§ Work to be completed
If a record contains an image, leave the image out and repeat everything else exactly.

§ Task input
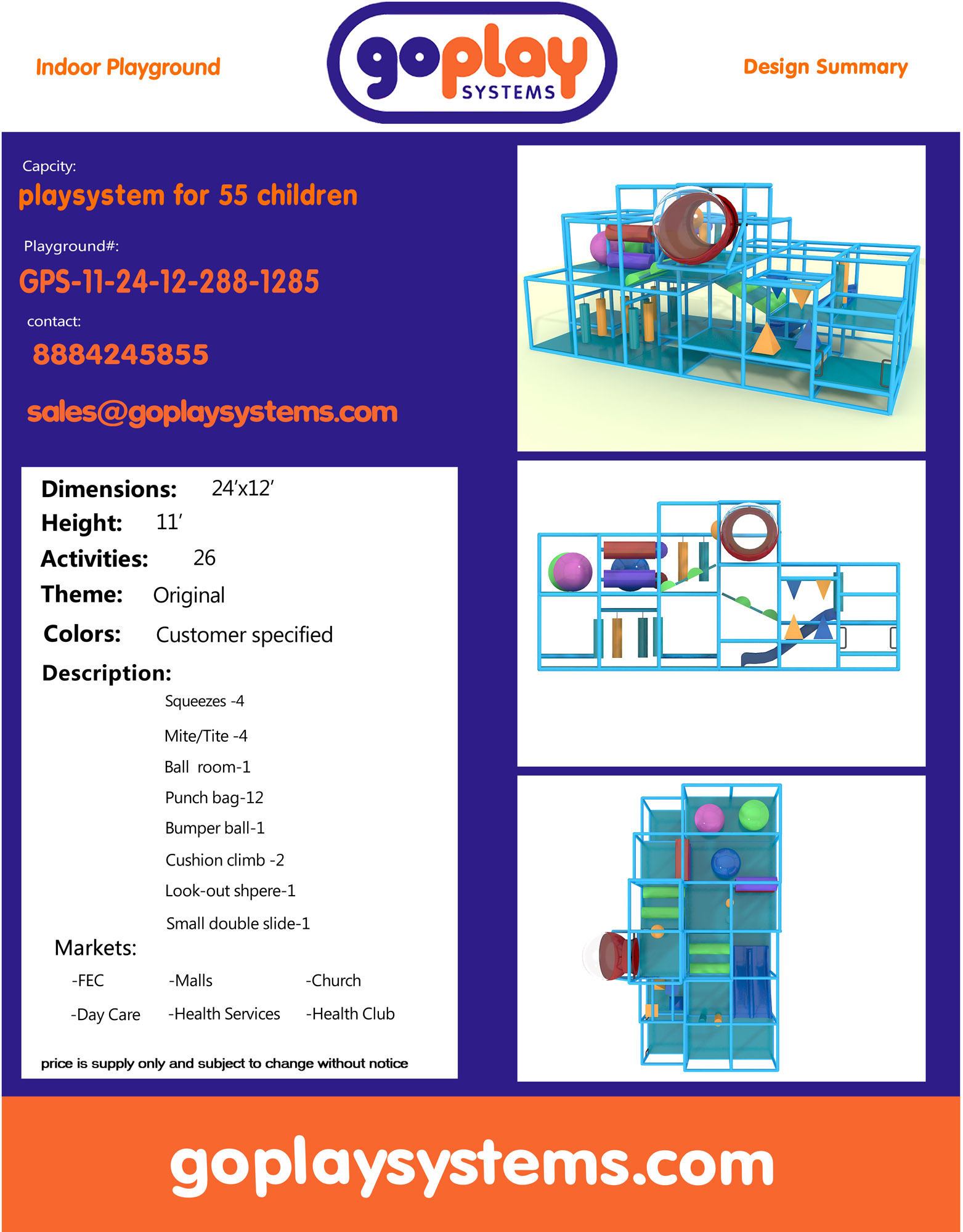 Indoor Playground GPS1285 is a custom indoor playsystem for children three to twelve years of age. The softplay unit measures 24 ft. wide by 11 ft. high and a length of 12 ft. The minimum room space required for this children’s play equipment is approximately 30 ft. room width with a 13 ft. ceiling and 18 ft. room length. Total area: 288 sq ft. Medium Size Indoor Playground.
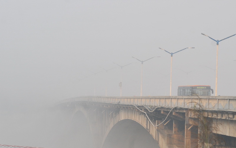 ????上圖:當日早上,桂江二橋隱沒在一片迷霧之中。
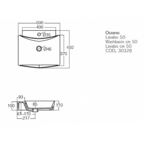 Izlietne OCEANO 50x45cm liekama uz virsmas vai stiprināma pie sienas Althea Ceramica
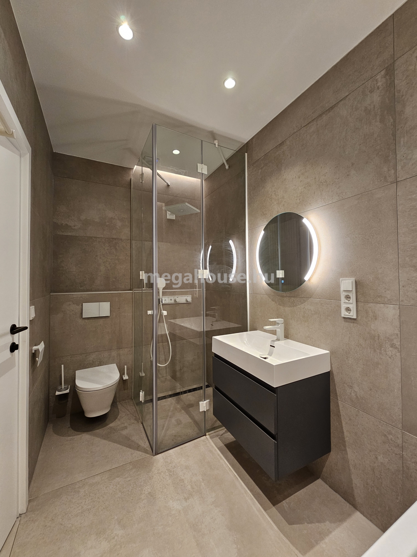 - Teljesen felszerelt fürdőszobák (zuhanykabin, kád, fürdőszobabútor, tükör, törölközőszárító)
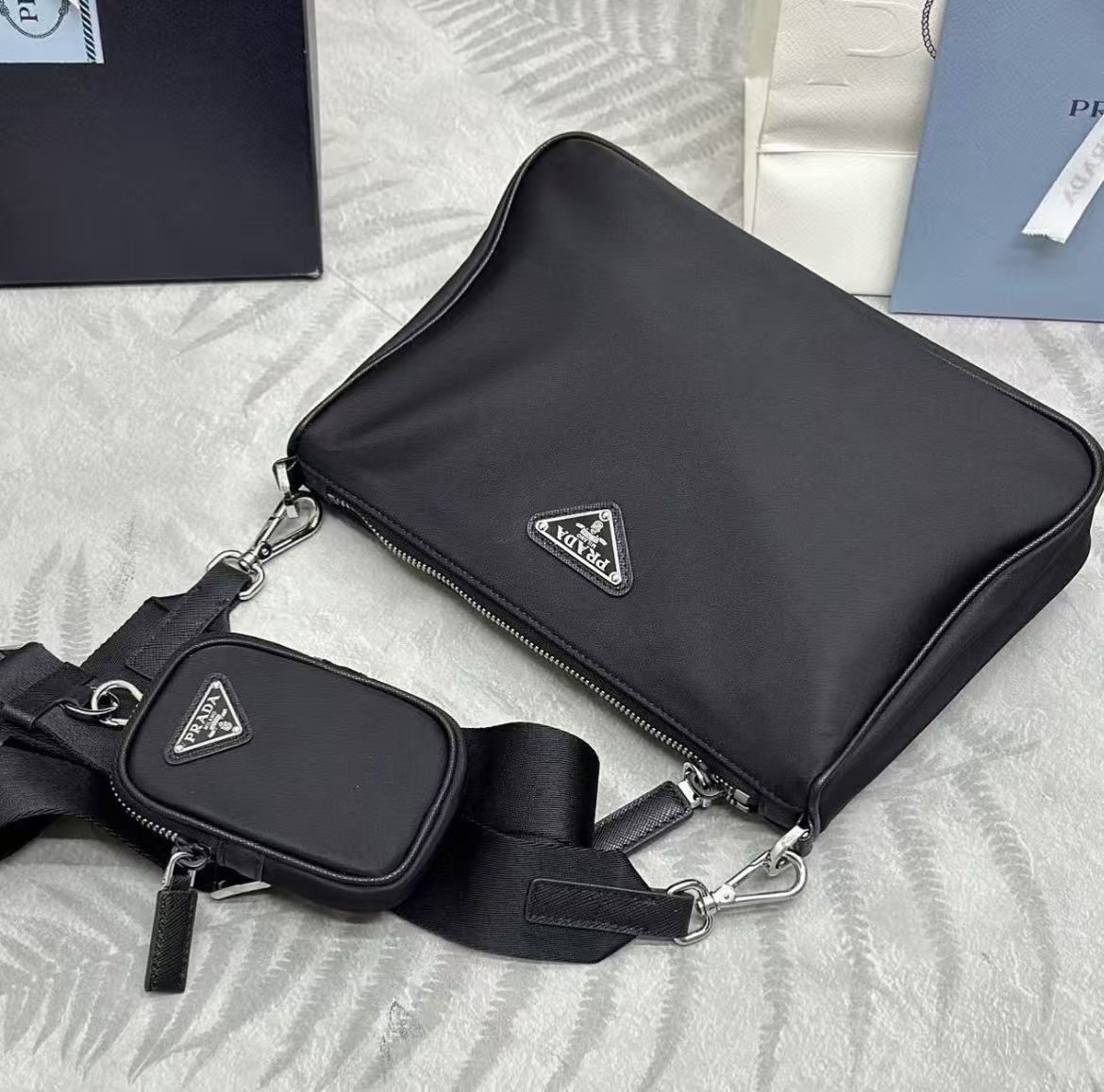 PRADA Saffiano multi-functional detachable shoulder strap three-in-one messenger bag, briefcase, crossbody bag, single-shoulder bag, regular men\'s black style

§ Problem solution
 Indoor Playground GPS1285 is a custom indoor playsystem for children three to twelve years of age. The softplay unit measures 24 ft. wide by 11 ft. high and a length of 12 ft. The minimum room space required for this children’s play equipment is approximately 30 ft. room width with a 13 ft. ceiling and 18 ft. room length. Total area: 288 sq ft. Medium Size Indoor Playground.
 ????上圖:當日早上,桂江二橋隱沒在一片迷霧之中。
 Izlietne OCEANO 50x45cm liekama uz virsmas vai stiprināma pie sienas Althea Ceramica
 - Teljesen felszerelt fürdőszobák (zuhanykabin, kád, fürdőszobabútor, tükör, törölközőszárító)
 PRADA Saffiano multi-functional detachable shoulder strap three-in-one messenger bag, briefcase, crossbody bag, single-shoulder bag, regular men\'s black style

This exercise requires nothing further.